In December 1992 NAFTA was signed by the leaders of the three countries—Brian Mulroney of Canada, Carlos Salinas de Gortari of Mexico, and George H. W. Bush of the United States. Despite approval from national leaders, the agreement would not be made effective until the legislatures in all three countries had also voted to accept it. In the United States, the debate over NAFTA divided members of both the Democratic and Republican parties and ignited fierce opposition from environmental and labor groups. Many feared that jobs would be lost because the agreement would facilitate the movement of U.S. production plants to Mexico, where plants could take advantage of cheaper labor and lax enforcement of environmental and workers’ rights laws. Environmental groups were concerned that pollution and food safety controls would be more difficult to enforce and could be challenged and eliminated on the grounds that they were trade barriers. In response to these concerns, two supplemental agreements were added to the formal treaty; one addressed labor issues and the other environmental issues. The Congress of the United States narrowly approved NAFTA in November 1993, during the term of President Bill Clinton.

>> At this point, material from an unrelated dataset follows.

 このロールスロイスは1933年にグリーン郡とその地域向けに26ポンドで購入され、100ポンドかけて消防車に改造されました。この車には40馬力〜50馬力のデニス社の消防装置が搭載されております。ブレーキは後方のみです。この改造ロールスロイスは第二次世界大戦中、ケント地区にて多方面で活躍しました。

The most innovative yet controversial aspects of NAFTA are its environmental provisions, which are included in the agreement itself as well as in a separate Supplementary Agreement on the Environment. These provisions make NAFTA the most environmentally conscious trade agreement ever negotiated. The Supplementary Agreement established a Commission on Environmental Cooperation (CEC), composed of senior environmental officials from each North American country. All three countries are prohibited from relaxing their environmental regulations in order to attract additional investment, and both citizens and governments are permitted to file complaints with the commission if they believe that a country is not enforcing its own environmental laws.

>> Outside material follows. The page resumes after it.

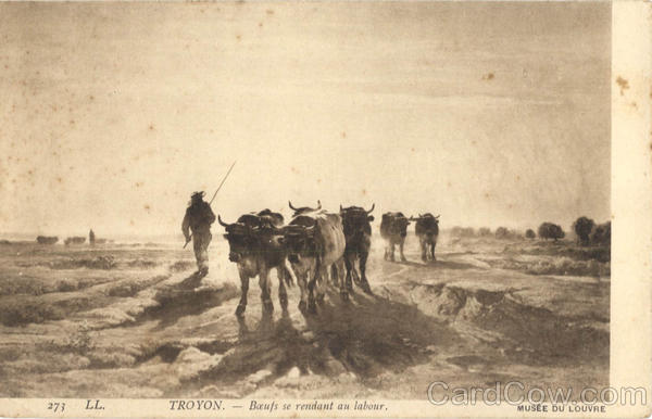 Front: 273 LL. TROYON. Bœufs se rendant au labour. MUSÉE DU LOUVRE Back: BRIEFKAART ОТКРЫТОЕ ПИСЬМО - TARJETA POSTAL Morgenstimmung. Sun-Rise P

NAFTA’s environmental impact has been mixed. On the one hand the CEC created an action plan to phase out four dangerous pollutants in North America and established systems to improve the monitoring of various measures of environmental quality. It has also investigated a number of complaints, but the results have been inconclusive. There has been measurable improvement in the enforcement of environmental laws in Mexico, but that country’s economic problems have made it difficult for many smaller firms to improve their environmental performance. As a result both air and water pollution remain serious problems in Mexico. NAFTA’s most conspicuous failure has been the lack of significant improvement in environmental conditions along the Mexican-American border, in large measure due to the unwillingness or inability of the American and Mexican governments to devote adequate financial resources to address this critical challenge. On balance, American environmentalists have been disappointed by the impact of NAFTA’s “green” provisions.
Formal negotiations to expand NAFTA to include Chile began in 1995, but the administration of President Bill Clinton was unable to conclude them. Shortly after assuming office in January 2001, President George W. Bush announced his support for the creation of a “Free Trade Area of the Americas” that would include virtually all countries in the Western Hemisphere. Many trade experts believe that such an agreement is likely to prove difficult to negotiate.